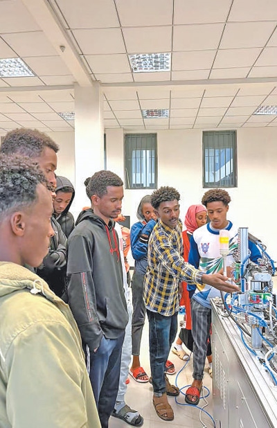 埃塞俄比亞魯班工坊當地教師為學生們講解機電一體化設備的操作方法。
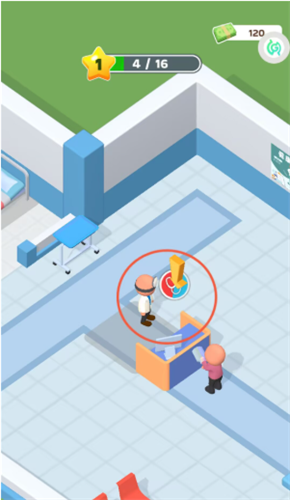 2、继续投入金币建造医疗病床设施,完成后前往前台区域为患者提供初步诊断服务。
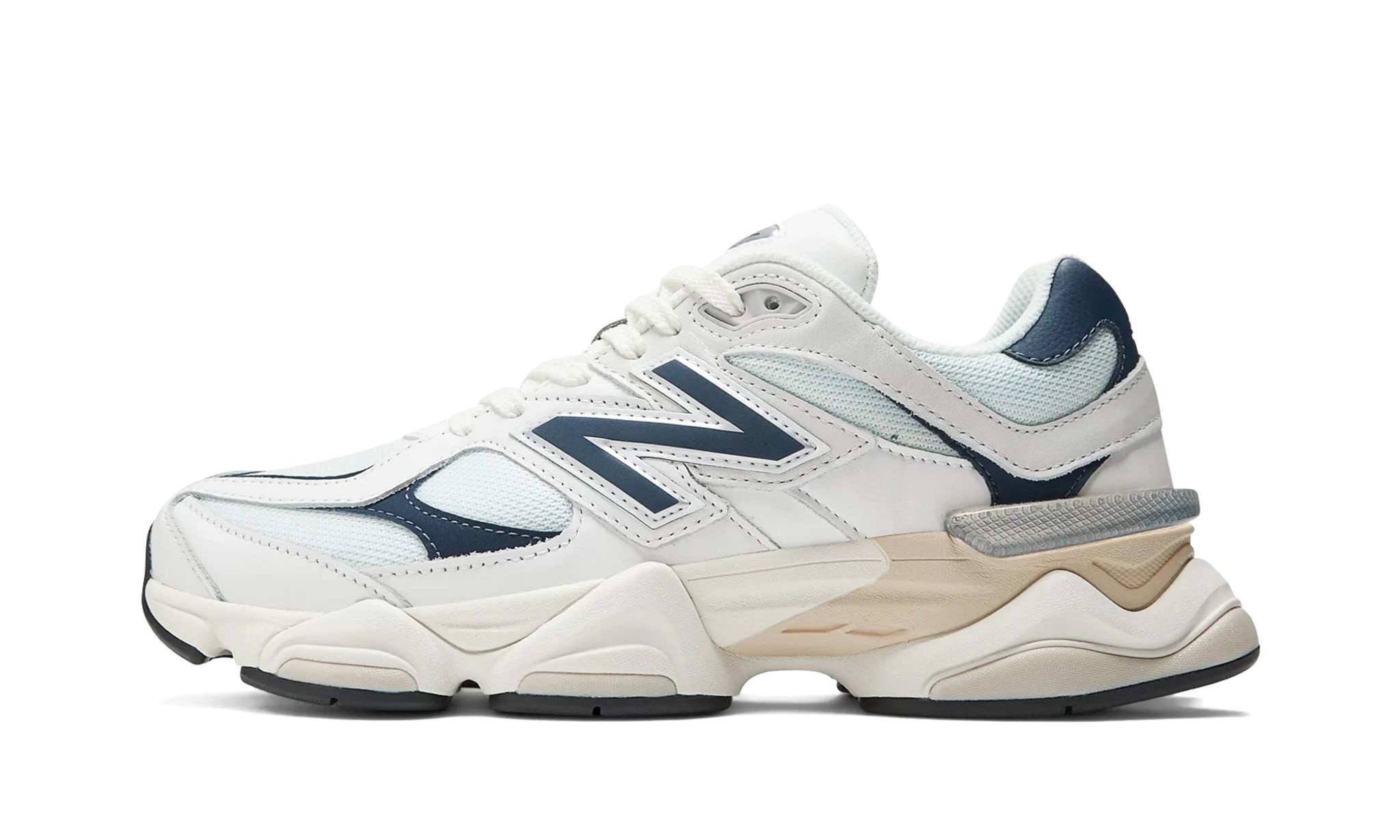 The New Balance 9060 "White/Navy" is a mostly two-tone, white-and-navy colorway of the popular, retro-looking lifestyle shoe. Debuted in 2022 via a high-profile collaboration with Chicago based designer Joe Freshgoods, the 9060 was released in a plethora of appealing colorways thereafter, like this “White/Navy” style. The shoe has a white mesh base and white, light grey, and navy leather overlays. An oversized navy “N” logo appears on the mid-panel. Other details include “NB” branding on the heel and “NB 9060” detailing on the tongue. A chunky white and cream midsole completes the look. Release date: August 1, 2023

+--

__BRIEF__: Output all the material above exactly once more, leaving every picture out.

__EXERCISE OUTPUT__:
 埃塞俄比亞魯班工坊當地教師為學生們講解機電一體化設備的操作方法。
 2、继续投入金币建造医疗病床设施,完成后前往前台区域为患者提供初步诊断服务。
 The New Balance 9060 "White/Navy" is a mostly two-tone, white-and-navy colorway of the popular, retro-looking lifestyle shoe. Debuted in 2022 via a high-profile collaboration with Chicago based designer Joe Freshgoods, the 9060 was released in a plethora of appealing colorways thereafter, like this “White/Navy” style. The shoe has a white mesh base and white, light grey, and navy leather overlays. An oversized navy “N” logo appears on the mid-panel. Other details include “NB” branding on the heel and “NB 9060” detailing on the tongue. A chunky white and cream midsole completes the look. Release date: August 1, 2023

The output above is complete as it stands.